▸ **Activity**: Everything in the listing must be repeated exactly, apart from the images.
--- Material provided Enclosed Below ---
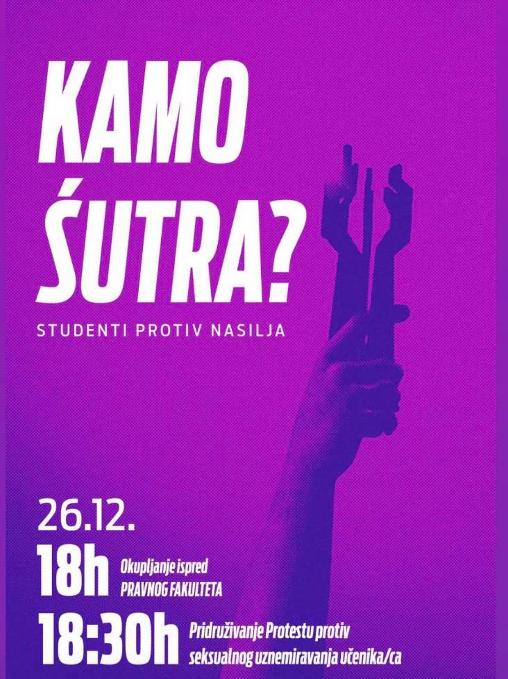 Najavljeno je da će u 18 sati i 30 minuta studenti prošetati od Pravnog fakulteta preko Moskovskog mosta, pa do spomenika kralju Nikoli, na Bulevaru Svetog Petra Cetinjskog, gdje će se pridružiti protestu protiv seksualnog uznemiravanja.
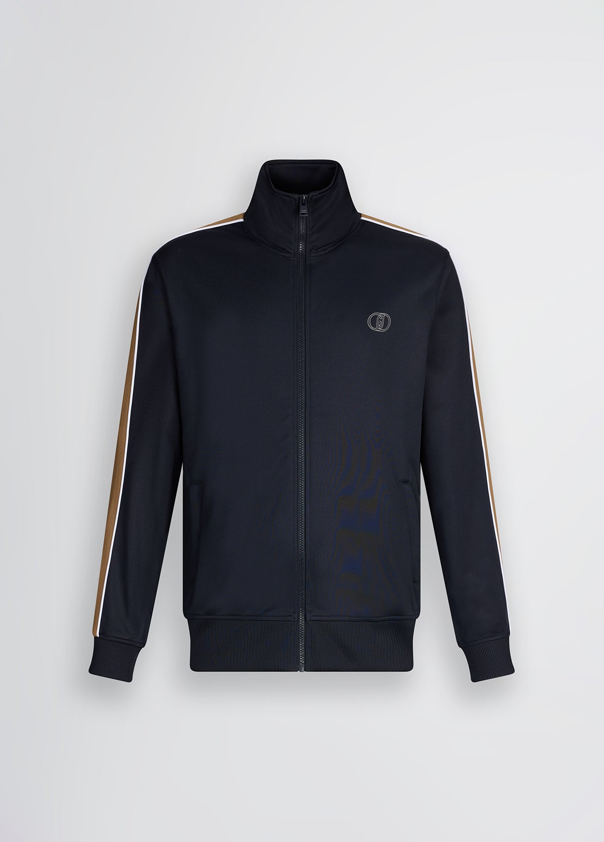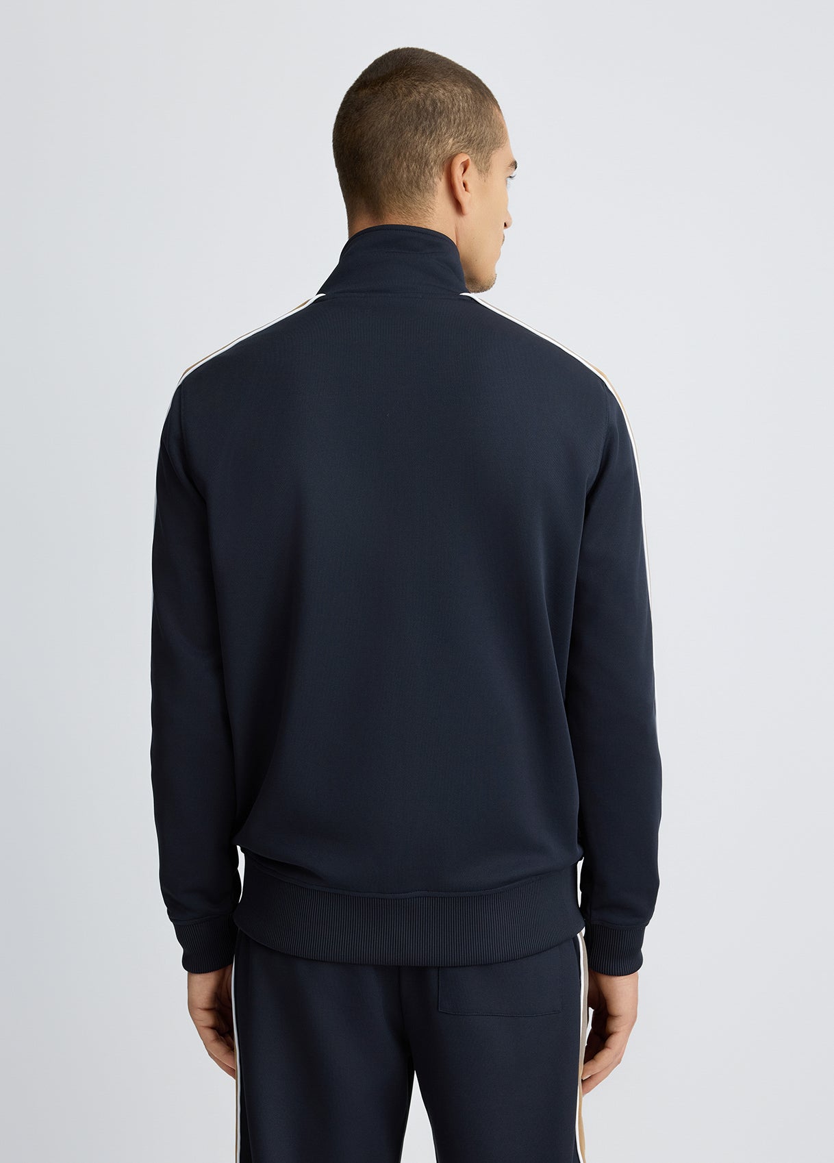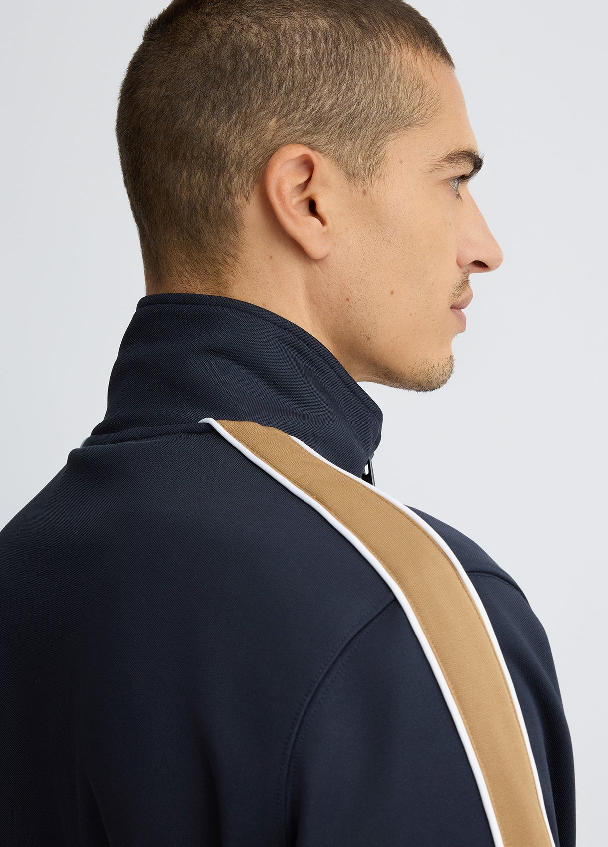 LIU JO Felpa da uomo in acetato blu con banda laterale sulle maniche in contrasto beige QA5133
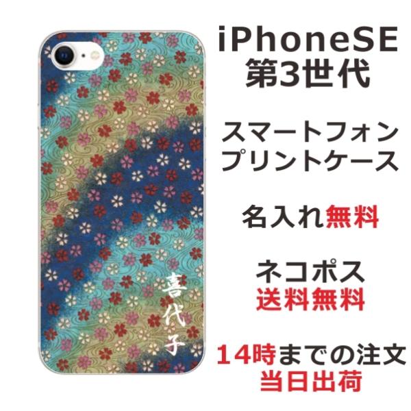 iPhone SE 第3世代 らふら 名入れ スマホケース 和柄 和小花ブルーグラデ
--- End of Enclosed Material provided ---
▸ **Task response**:
 Najavljeno je da će u 18 sati i 30 minuta studenti prošetati od Pravnog fakulteta preko Moskovskog mosta, pa do spomenika kralju Nikoli, na Bulevaru Svetog Petra Cetinjskog, gdje će se pridružiti protestu protiv seksualnog uznemiravanja.
 LIU JO Felpa da uomo in acetato blu con banda laterale sulle maniche in contrasto beige QA5133
 iPhone SE 第3世代 らふら 名入れ スマホケース 和柄 和小花ブルーグラデ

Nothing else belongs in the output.